> **PROBLEM TO SOLVE**
For the lines from the one with "Małe zaszewki na" to the end of the listing below, both ends included, give an exact copy and nothing more. Do not copy pictures.
START DATA SECTION
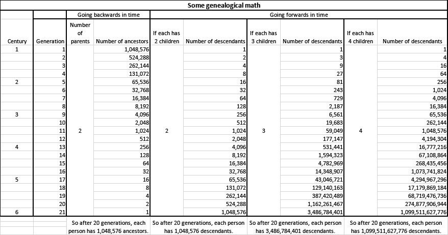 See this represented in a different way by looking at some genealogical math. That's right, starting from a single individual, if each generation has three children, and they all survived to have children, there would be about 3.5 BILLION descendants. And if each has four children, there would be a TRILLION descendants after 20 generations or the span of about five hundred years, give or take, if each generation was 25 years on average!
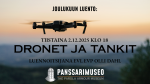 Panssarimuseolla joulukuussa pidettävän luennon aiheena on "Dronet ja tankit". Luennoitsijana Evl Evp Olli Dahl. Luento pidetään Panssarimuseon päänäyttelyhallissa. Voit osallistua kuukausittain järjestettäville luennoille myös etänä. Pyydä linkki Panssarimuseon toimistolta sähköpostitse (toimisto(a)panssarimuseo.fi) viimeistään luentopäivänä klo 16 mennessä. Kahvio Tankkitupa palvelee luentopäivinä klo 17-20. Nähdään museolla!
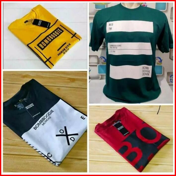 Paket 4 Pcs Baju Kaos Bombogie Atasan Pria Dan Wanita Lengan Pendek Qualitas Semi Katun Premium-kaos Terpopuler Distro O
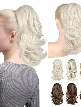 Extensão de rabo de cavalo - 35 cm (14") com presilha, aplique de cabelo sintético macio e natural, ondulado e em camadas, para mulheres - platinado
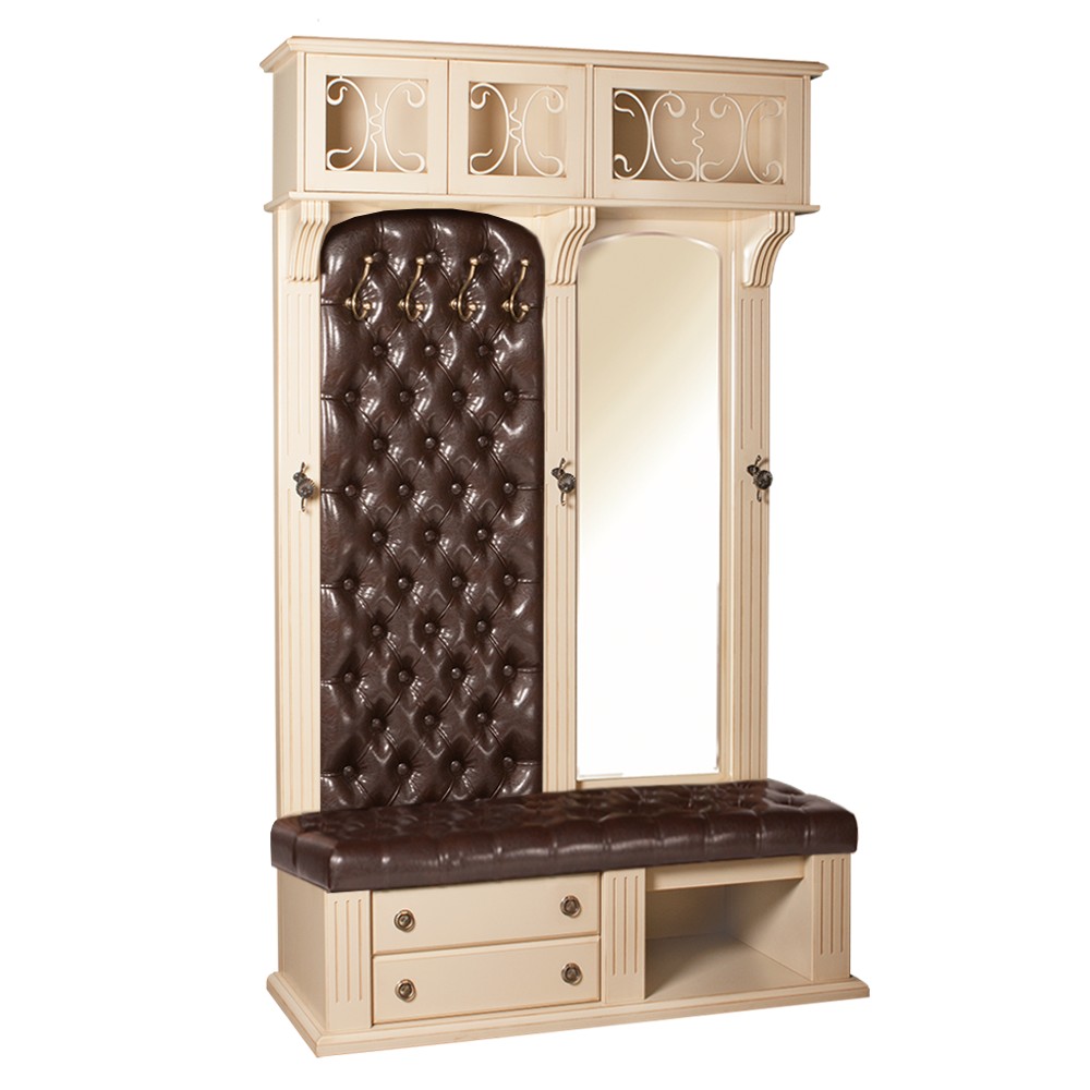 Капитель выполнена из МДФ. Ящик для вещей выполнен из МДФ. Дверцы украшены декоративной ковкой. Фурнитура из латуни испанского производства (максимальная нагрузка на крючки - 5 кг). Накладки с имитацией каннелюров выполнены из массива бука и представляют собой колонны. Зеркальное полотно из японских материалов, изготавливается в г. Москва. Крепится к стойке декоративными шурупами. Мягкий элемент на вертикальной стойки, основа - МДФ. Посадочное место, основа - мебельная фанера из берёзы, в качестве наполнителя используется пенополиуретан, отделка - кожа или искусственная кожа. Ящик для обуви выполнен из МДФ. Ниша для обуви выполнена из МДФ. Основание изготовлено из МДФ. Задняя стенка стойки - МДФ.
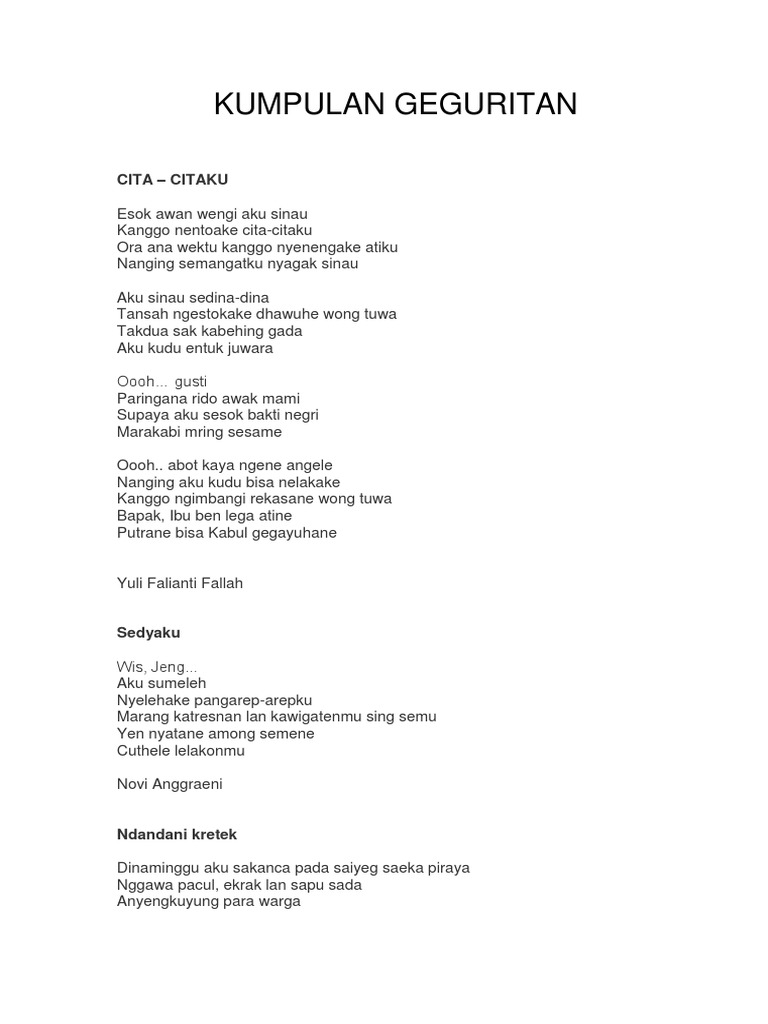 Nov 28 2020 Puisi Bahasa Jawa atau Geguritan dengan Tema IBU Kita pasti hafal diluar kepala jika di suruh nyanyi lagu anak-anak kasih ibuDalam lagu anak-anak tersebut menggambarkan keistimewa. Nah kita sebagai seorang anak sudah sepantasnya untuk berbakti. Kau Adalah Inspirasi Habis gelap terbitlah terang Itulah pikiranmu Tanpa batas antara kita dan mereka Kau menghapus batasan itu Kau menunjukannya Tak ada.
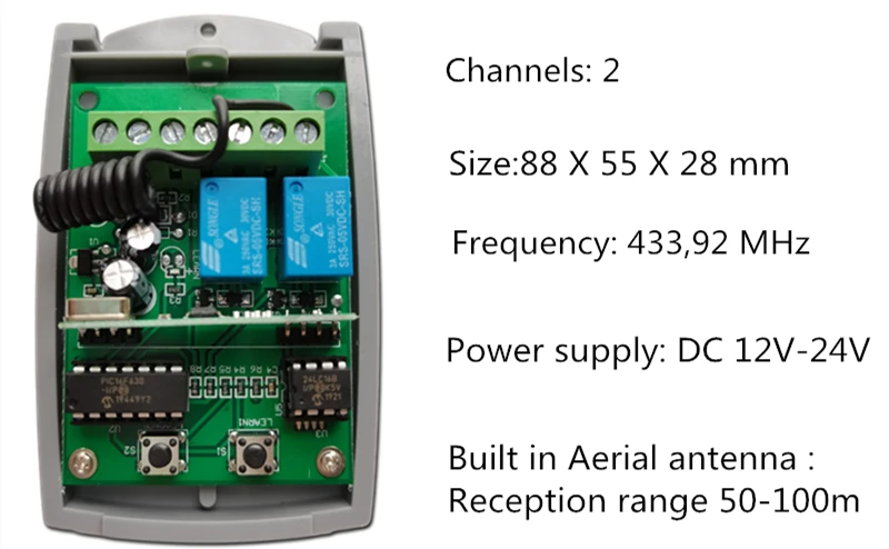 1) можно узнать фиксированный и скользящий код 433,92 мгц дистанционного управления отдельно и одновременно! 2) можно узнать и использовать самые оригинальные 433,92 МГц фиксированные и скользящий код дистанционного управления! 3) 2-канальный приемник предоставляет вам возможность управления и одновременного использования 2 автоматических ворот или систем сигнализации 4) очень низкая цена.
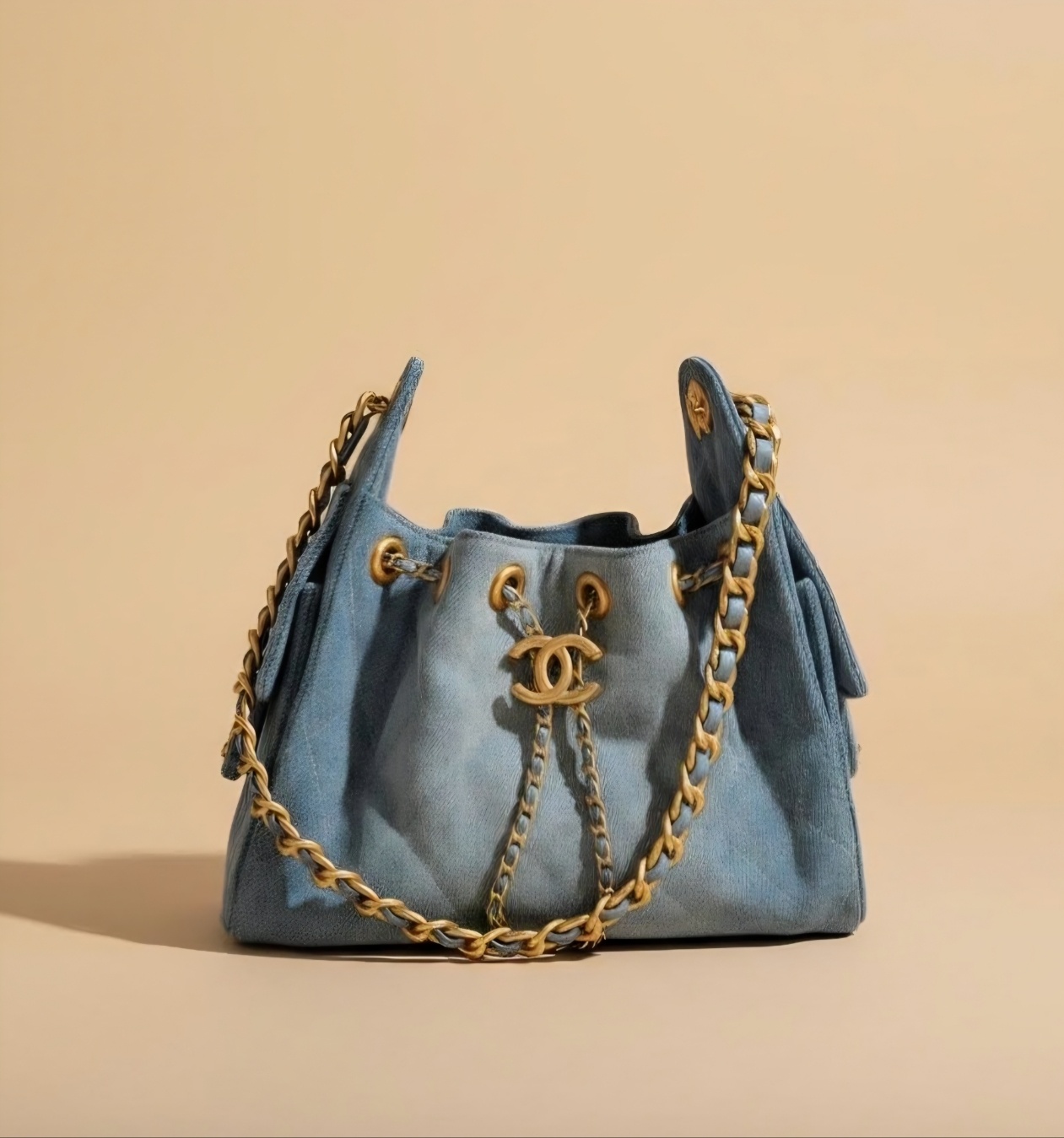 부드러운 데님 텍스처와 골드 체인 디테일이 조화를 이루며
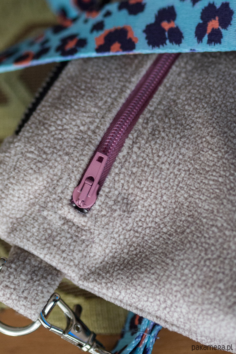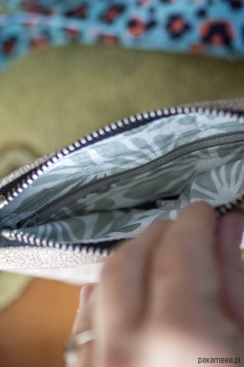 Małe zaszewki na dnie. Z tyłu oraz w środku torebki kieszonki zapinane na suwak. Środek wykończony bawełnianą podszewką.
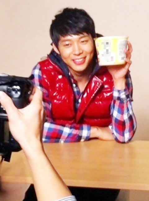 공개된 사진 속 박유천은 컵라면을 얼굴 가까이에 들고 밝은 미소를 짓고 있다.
END DATA SECTION
> **ANSWER SECTION**
 Małe zaszewki na dnie. Z tyłu oraz w środku torebki kieszonki zapinane na suwak. Środek wykończony bawełnianą podszewką.
 공개된 사진 속 박유천은 컵라면을 얼굴 가까이에 들고 밝은 미소를 짓고 있다.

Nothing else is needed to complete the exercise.